Attaching the handle to the body

Wet slip clay is used again to make the natural material connection between the handle and the body (it essentially works as a glue). A machine attaches the handle to the mug to ensure the process is accurate and precise every time.

First fire (biscuit fire)

The mug’s first firing in the kiln is known as the “Biscuit Fire” (mmm… biscuits…) At this stage the mug is complete but unglazed and undecorated. All pottery must be stacked skilfully and carefully, to ensure capacity of the kiln is maximised without compromising the circulation of the heat. You wouldn’t bake just two small digestive biscuits in an oven, would you?

Another interesting fact is that your Herdy mug actually starts life much bigger. After the first Biscuit Fire the mugs shrink by around 10–14%.

The ding is the thing

All Herdy mugs are continuously checked for quality control during the manufacturing process.

Each biscuit-fired mug is tested for flaws and weaknesses in the body. A fine bone china stick is tapped against the mug to check that the sound is right. This identifies any weaknesses.

Because it’s much finer, bone china can suffer from a phenomenon called “Thermal Shock”, where a slight knock or extreme temperature change causes the mug body to expand and contract to the point where the mug will break itself apart.

Dipping (glazing)

This is an art, still done by hand by an artisan maker in the factory. The biscuit-fired mug is hand-dipped in a vat of glaze. The specific technique performed requires the glaze to be evenly spread over the body with no air bubbles or runs.

The bottom of the mug is then wiped across a running belt to remove the glaze from the bottom rim. This stops the mug sticking to the bottom of the kiln.

Second Fire (Glazed ware)

The mug goes back into the kiln for the glaze to be bonded to the mug. This is the first time the piece actually starts to look like a proper mug! The blue glaze you see in the previous two photos above becomes clear during the second fire, allowing the soft white bone china beneath to show.

Traditionally, the glaze applied to fine bone china mugs would contain lead, specifically Lead Bisilicate, for a quality finish with excellent colour accuracy. These days, the glaze on our mugs are lead-free in accordance with EU regulations.
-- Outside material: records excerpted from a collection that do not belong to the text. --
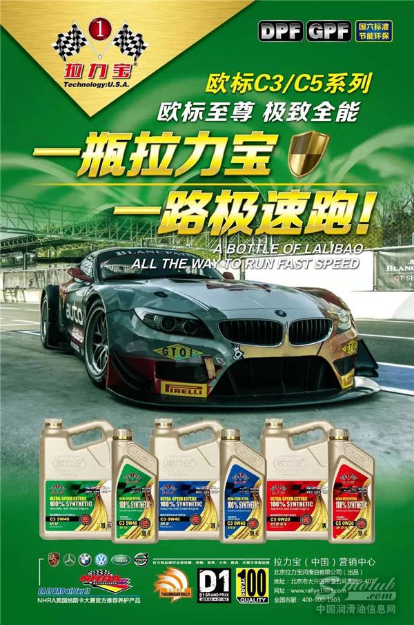 作为一家专业汽车养护服务商,拉力宝润滑油一直以来致力于为车辆养护油、液、水提供系统完善的解决方案,先后成为中国环塔拉力赛、中国越野拉力赛、D1国际漂移赛、全国场地越野赛等多家国内外赛车俱乐部指定赛事用油。并且与双龙、壳牌、台塑、英力士等基础油供应商,雅富顿、润英联等添加剂供应商达成长期战略合作,使用拉力宝公司旗下产品享有全球汽车润滑油单台发动机100万美金保单,工业设备润滑油500万美金保单的超值保障。
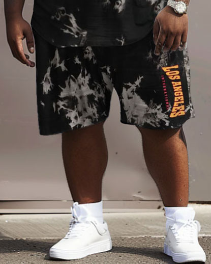 This black set for big & tall men brings a bold, urban vibe to your wardrobe. It features eye-catching white ink splatter details and lettering, giving it a worn-in look that nods to hip-hop style. Perfect for casual outings, this relaxed set combines simplicity with street fashion flair.
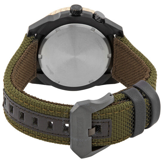 Black IP stainless steel case with a green nylon strap. Rose gold-tone stainless steel bezel. Black dial with silver-tone hands and index-Arabic numeral hour markers. Minute markers around the outer rim. Dial Type: Analog. Luminescent hands and markers. Date display at the 3 o'clock position. Citizen Caliber Eco-Drive B877 eco-drive movement. Scratch resistant mineral crystal. Screw down crown. Solid case back. Round case shape, case size: 42.5 mm, case thickness: 12.5 mm. Tang clasp. Water resistant at 200 meters / 660 feet. Functions: date, GMT, second time zone, hour, minute, second, solar-powered. Promaster Sky Series. Sport watch style. Watch label: Japan Movt. Citizen Promaster Sky GMT Eco-Drive Black Dial Men's Watch BJ7136-00E.
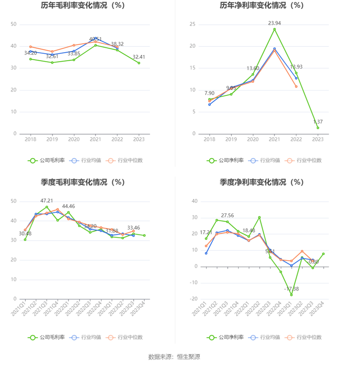 2023年,公司毛利率为32.41%,同比下降5.91个百分点;净利率为1.37%,较上年同期下降12.56个百分点。从单季度指标来看,2023年第四季度公司毛利率为32.63%,同比下降3.22个百分点,环比下降0.83个百分点;净利率为7.88%,较上年同期上升11.08个百分点,较上一季度上升8.68个百分点。
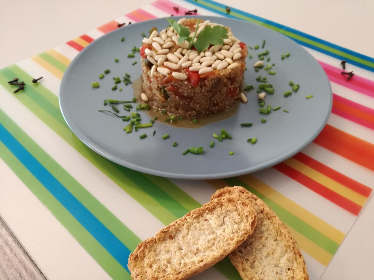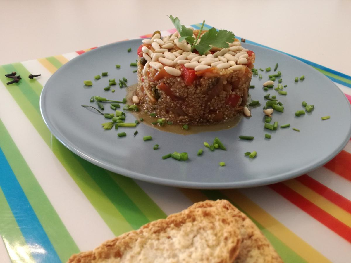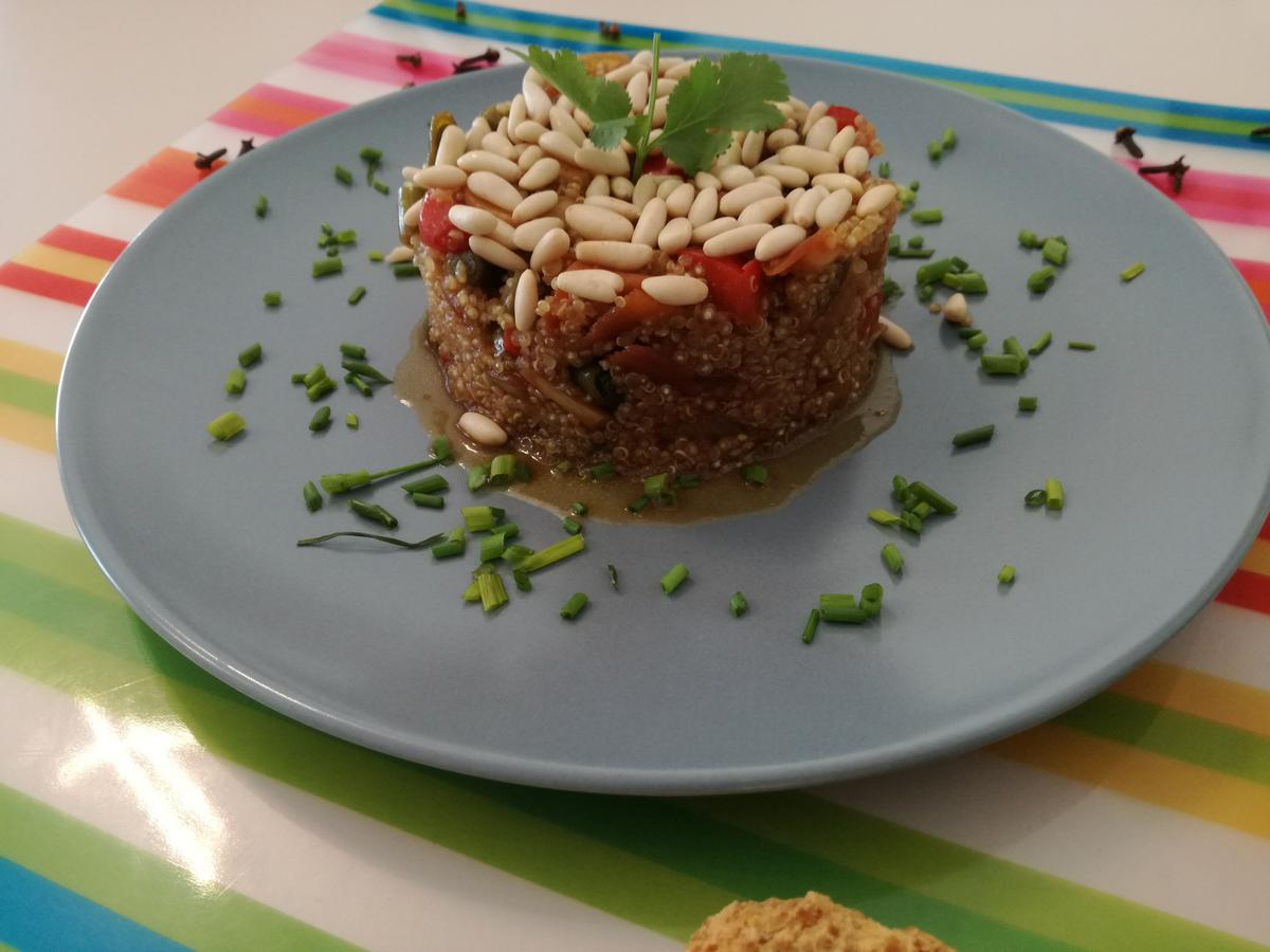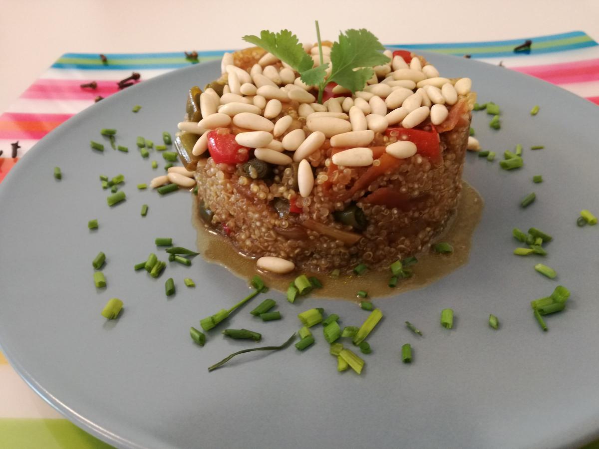 Esta receta de quinoa seguro que le gusta a todo el mundo. La salsa de soja combinada con la cebolla, pimiento, ajetes tiernos, champiñon… de ahí no puede salir nada mal!! Además los piñones le aportan un cambio de textura muy agradable.
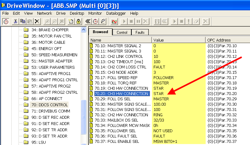 When acquiring parameter in a star topology, ensure that the connected drives are set to “Star” mode. In DriveWindow, the parameter “CH3 HW CONNECTION” in the parameter set “DDCS Control” of each drive has to be checked and set to “STAR”.

The process of decorating a Herdy mug begins with screen printing the artwork, using specialist inks, onto water slide transfer films (much like the transfers you get with modelling kits!) Each transfer is then carefully cut out and applied by hand or machine (depending on the design of the artwork and mug shape being used). Great care is needed at this stage to make sure the decoration is correctly positioned as once the mug is fired there’s no going back!

The third fire

The mug goes back into the kiln for the final firing, bonding the printed transfer into the glaze. Everything has to be carefully stacked and laid out to make sure no damage occurs to the mugs. Everyone holds their breath and waits for the final result…

Quality checks and packing

The mugs are pulled out of the kiln and go through some final checks, looking for marks, flaws, and any other lumps or bumps. We grade our mugs into first, seconds, and third quality. First and seconds can go for sale.

Thirds mugs are destroyed, but not wasted

The materials are natural, so they are ground down to a powder and can be reworked in the making of tiles for the construction industry.

Fine bone china, made in England

Collection of Herdy 'Hello' mugs

Herdy mugs have been made in England’s historic Staffordshire potteries since Day One, way back in 2007. And we don’t plan on changing anytime soon! We’re keen to support British manufacturing and heritage industries wherever possible; it keeps British skills and manufacturing alive, and directly supports and sustains local economies in increasingly global and volatile times.

But these heritage industries and British manufacturers can only continue to thrive if you continue to support them! Every time you purchase a lovable fine bone china mug for yourself or as a gift for someone else, you’re helping to keep centuries-old British skills and businesses going.

So, get the kettle on, make yourself a brew in your favourite Herdy mug, and feel great that you’re supporting British heritage industries.